The proposed rule would apply to all claims submitted under Medicare Parts A, B, C, and D. The proposed rule is influenced by the outcome of UnitedHealthcare Ins. Co. v. Azar, in which the court noted that the use of the “reasonable diligence” standard in identifying overpayments conflicted with the “knowledge” standard in the FCA and improperly created liability for mere negligence, and CMS does not have the legislative authority to apply more stringent standards to impose FCA consequences through regulation.”

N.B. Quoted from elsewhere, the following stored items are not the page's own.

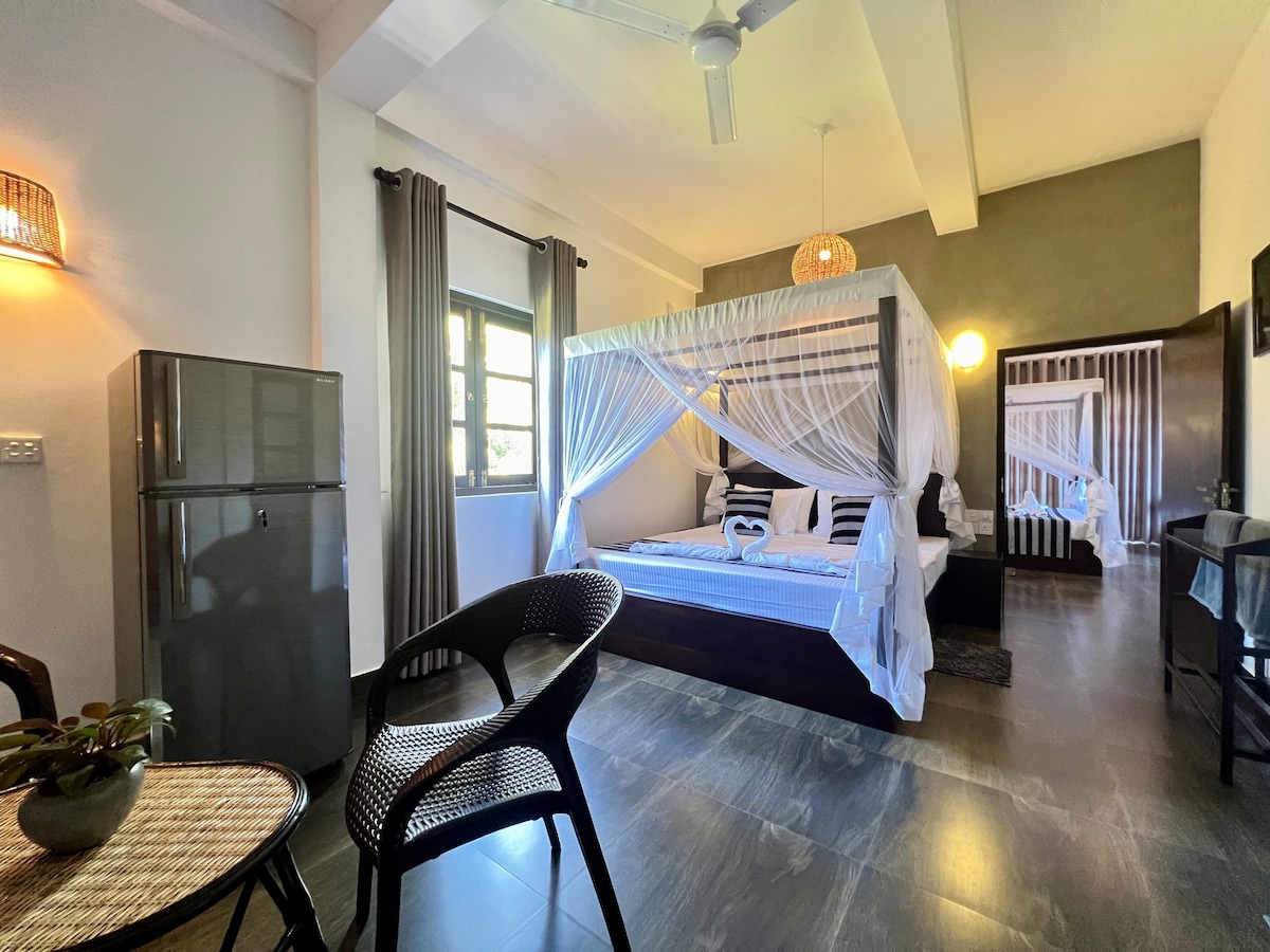 🌿 La Brisa by Harry is a calm beachfront villa in Dickwella, SriLanka.Close to the popular Hiriketiya Beach( Blue beach), Mirissa & Thalpe beach.Uniquely located at a natural turtle nesting spot where sea turtles come ashore to lay eggs right in front of the villa. The villa features one spacious, air-conditioned bedroom with a large king-size bed & an extra bed, making it suitable for couples, honeymoon couples& families with children.
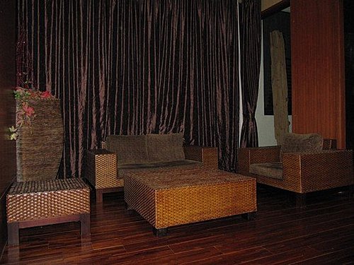 藤製的桌子和座椅,加上木頭地板,小艾文興奮地在這裡走來逛去,還算是安全。
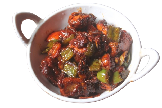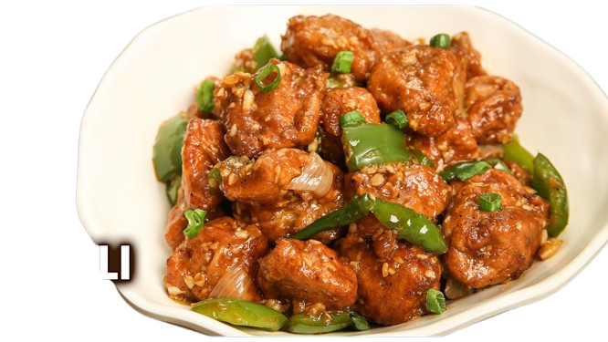 This popular Indo-Chinese starter features boneless fish pieces (commonly basa, tilapia, or firm white fish) marinated in spices, floured, and deep-fried until golden. The fried fish is stir-fried in a fiery sauce made with garlic, green chillies, capsicum, soy sauce, ketchup, chili sauce, vinegar, and a sprinkle of fresh pepper powder. Crisp on the outside and tender inside, each piece carries a bold, sweet‑sour‑spicy flavor. Cooked quickly and served fresh, it's ideal alongside fried rice or noodles.
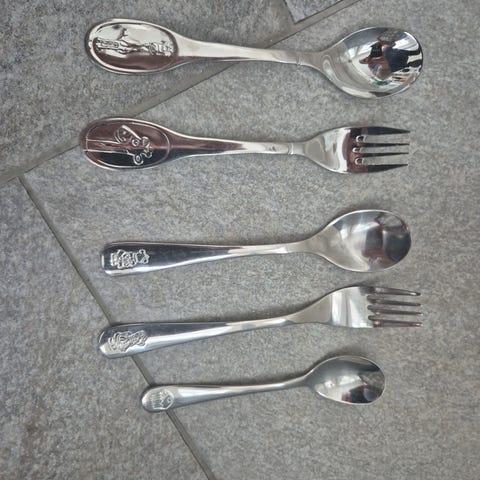 Bare noe barnebestikk, ikke lyst til å kaste, kan brukes og kanskje som leker til litt større dukker som skal mates, når barn synes det er morro å leke med og stelle dukker.
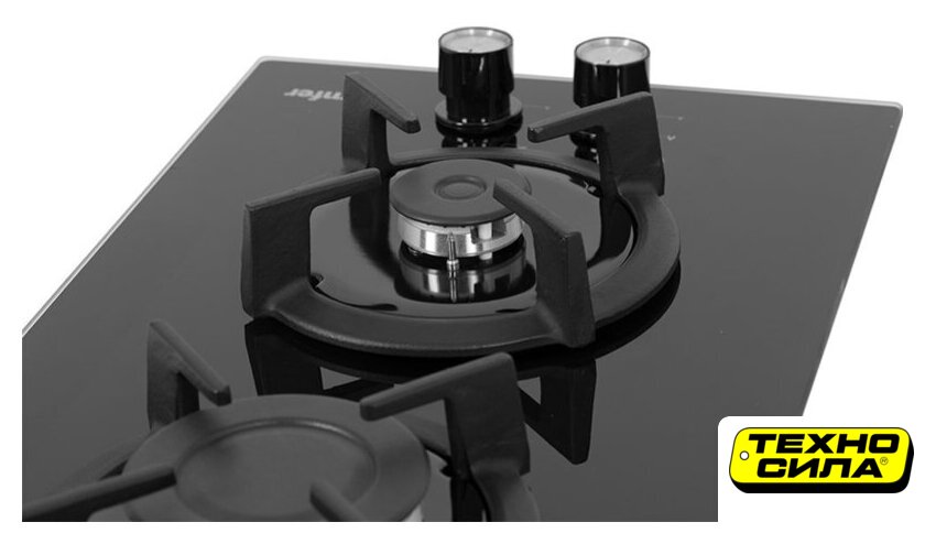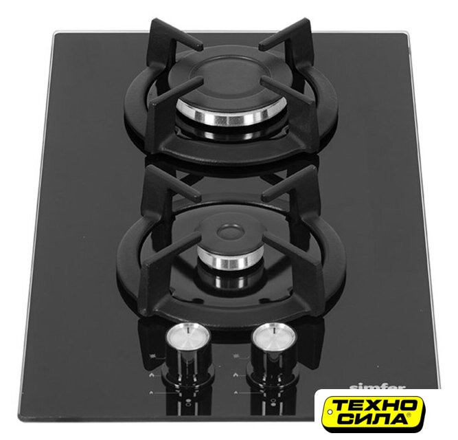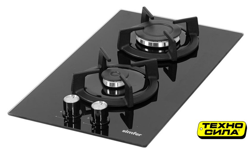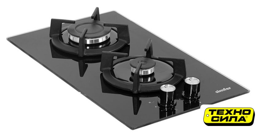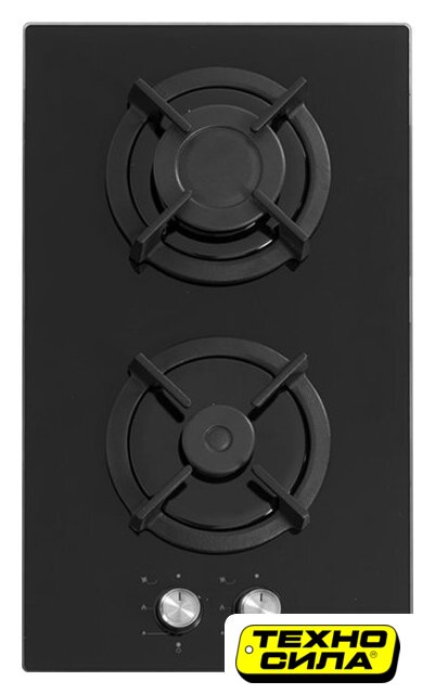 газовая на 2 конфорки, закаленное стекло, мощность: 4000 Вт, автоматический электроподжиг, газ-контроль, решетки: эмалированная сталь, независимая установка, размеры (ШхГ): 30x51 см
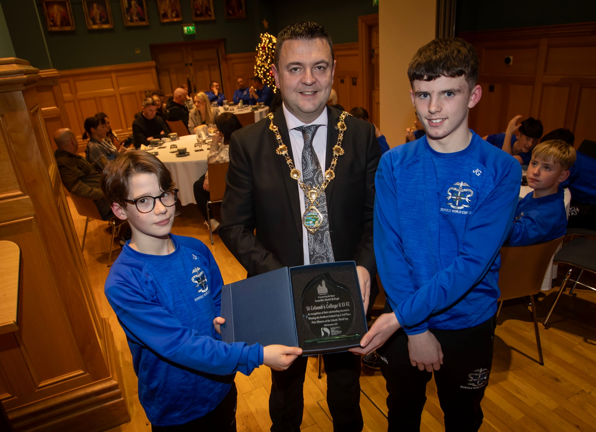 The Mayor of Derry City and Strabane District Council, Ruairi McHugh, making a special presentation to captains Tom Prigent and Joe Gray at Monday evening's reception in honour of the St. Columb's College u-13 football team in recognition of their winning the Northern Ireland Cup and gaining third place in the Schools World Cup held in Spain recently.
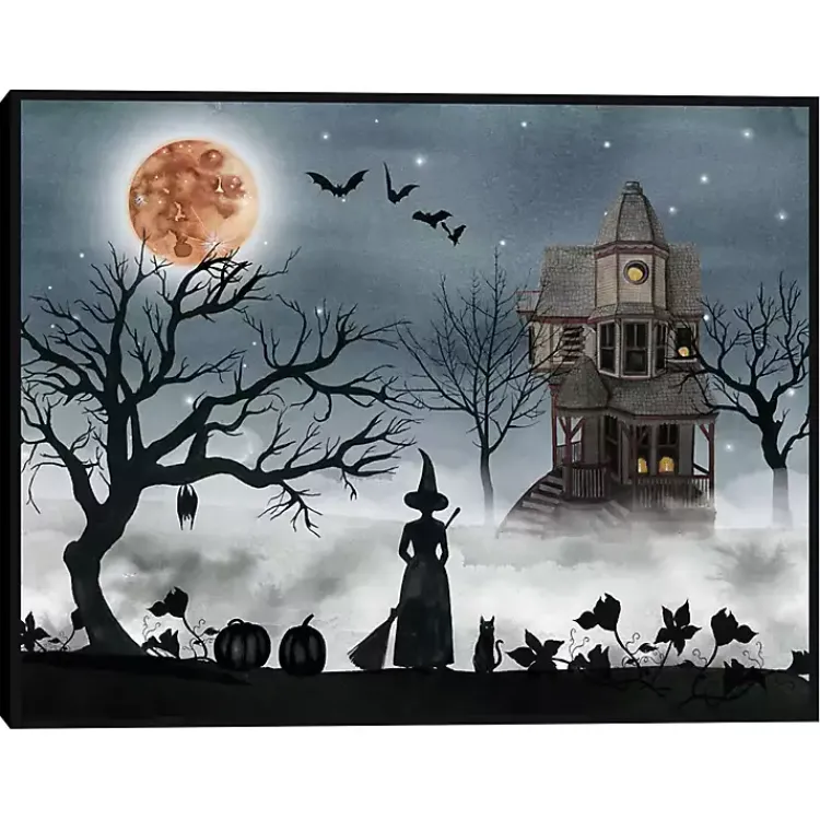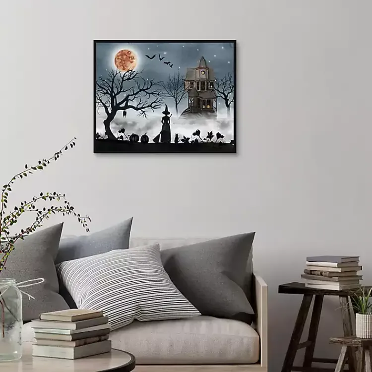 Let this Spooky Harvest Moon Framed Canvas Art Print haunt your home this Halloween. Featuring a witch on a foggy night, it brings a creepy ambiance to any space!
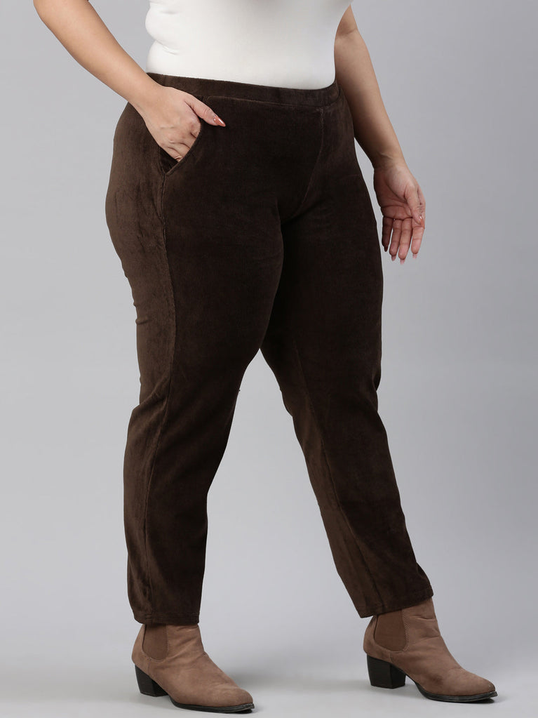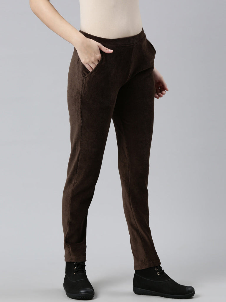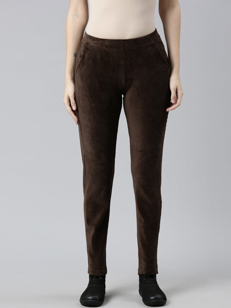 Dark Brown Cotton Polyester Corduroy Jeggings

Assembly Bill 5055, introduced in the New Jersey General Assembly on January 12, 2023, would require healthcare facilities and professionals to provide the parent or guardian of an unemancipated minor patient access to the patient’s medical records without authorization from the minor patient. This right of access would not apply where a minor appears to have been sexually assaulted and the treating physician determines that it would not be in the minor’s best interests to notify the parent or guardian, a minor seeks treatment for a substance use disorder, or a minor is over 16 years of age and is seeking temporary outpatient behavioral health treatment.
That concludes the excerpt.